Should health insurers target prevention of cardiovascular disease?: a cost-effectiveness analysis of an individualised programme in Germany based on routine data

KardioPro is an individualised prevention programme, which includes screening for CHD, risk factor assessment, early detection and secondary prevention of CHD. KardioPro was first introduced in Munich and later in Coburg, Berlin, Karlsruhe, Erlangen and North Rhine-Westphalia. To enrol in KardioPro, participants needed to be at least 45 years of age. Furthermore, CHD prevalent subjects of any age were eligible for inclusion. All subjects who met the enrolment criteria received information in writing about KardioPro. Individuals in KardioPro were divided into different pathways: patients known to have CHD, suspected to have CHD and without CHD. Each pathway had a different setting depending on the individual risk or the severity of the disease. For risk assessment, the original Prospective Cardiovascular Münster (PROCAM) score was used [10]. This score defined the 10-year risk of sudden cardiac death or a definite fatal or nonfatal myocardial infarction and stratified diagnostic and therapeutic strategies. Furthermore, all KardioPro participants were categorised as either CHD prevalent subjects or subjects with high, medium or low risk, according to the PROCAM score.

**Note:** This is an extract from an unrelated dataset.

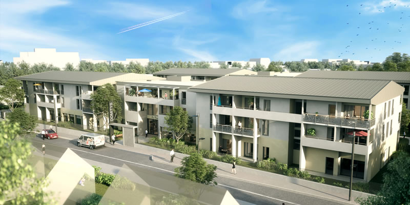 Un parc borde la résidence au sud et à l’est, permettant la conservation de nombreux arbres existants.
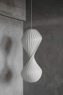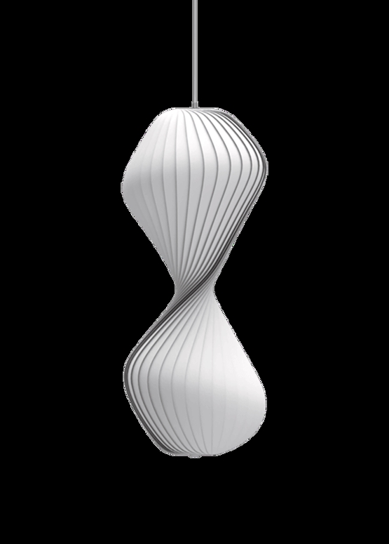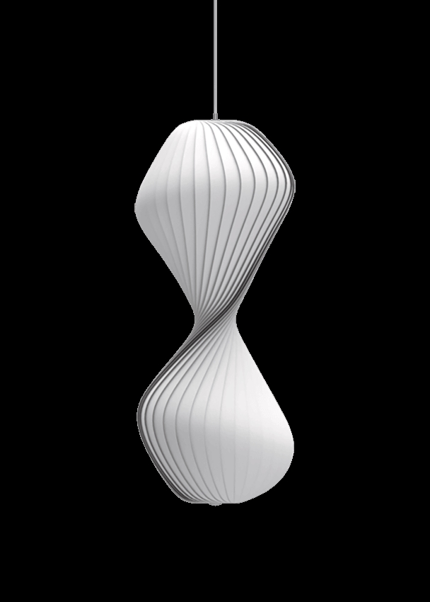 Die TR32 Pendelleuchte hat eine elegante Sanduhrform, bei der der Schirm die Lichtquellen umschließt und das Licht diffus und weich im Raum erscheinen lässt. Die schöne Pendelleuchte hat ein skulpturales Aussehen und ist daher auch schön, wenn das Licht nicht eingeschaltet ist.

The management plan for each individual patient was provided by the participating cardiologists whose task was to prescribe the optimal medical treatment for the patients and to manage the risk factors according to European guideline recommendations. Furthermore, KardioPro included recent techniques such as CT for calcium scoring (Agatston score) and/or CTA for diagnosis. In the case of necessary coronary stenting advanced types of drug-eluting stents were allowed. In addition, an electronic health record was created offering easy access for patients and facilitating communication between specialists and institutes participating in KardioPro. Patients were also sent reminders about follow-up visits.

For the evaluation of KardioPro, we included participants who enrolled 2007, 2008 and 2009 and ended the observation at 31 December 2010. As the treatment paths in KardioPro differed according to risk classification, the cost-effectiveness of KardioPro was intended to be determined by risk group. However, the risk classification that was applied to KardioPro participants was not suitable for analysis, as risk classification was based on information that has only been observed for participants. The applied PROCAM score requires information about smoking behaviour, blood pressure and cholesterol level, which is not included in German sickness funds routine data [10]. Applying propensity score matching to each of the KardioPro risk groups would most likely have yielded biased control groups (selection bias), as the outcome of KardioPro depends on CHD risk. To achieve unbiased results, risk group classification needed to be consistent between KardioPro participants and controls. Furthermore, to develop efficient strategies for targeting selected risk groups (i.e. offering or advertising KardioPro to selected individuals), the risk groups needed to be defined independently from participation. Thus, for economic evaluation, new groups of patients at risk of CHD were defined based on health insurance company routine data. However, our definition of risk groups was inspired by the risk groups originally defined in KardioPro.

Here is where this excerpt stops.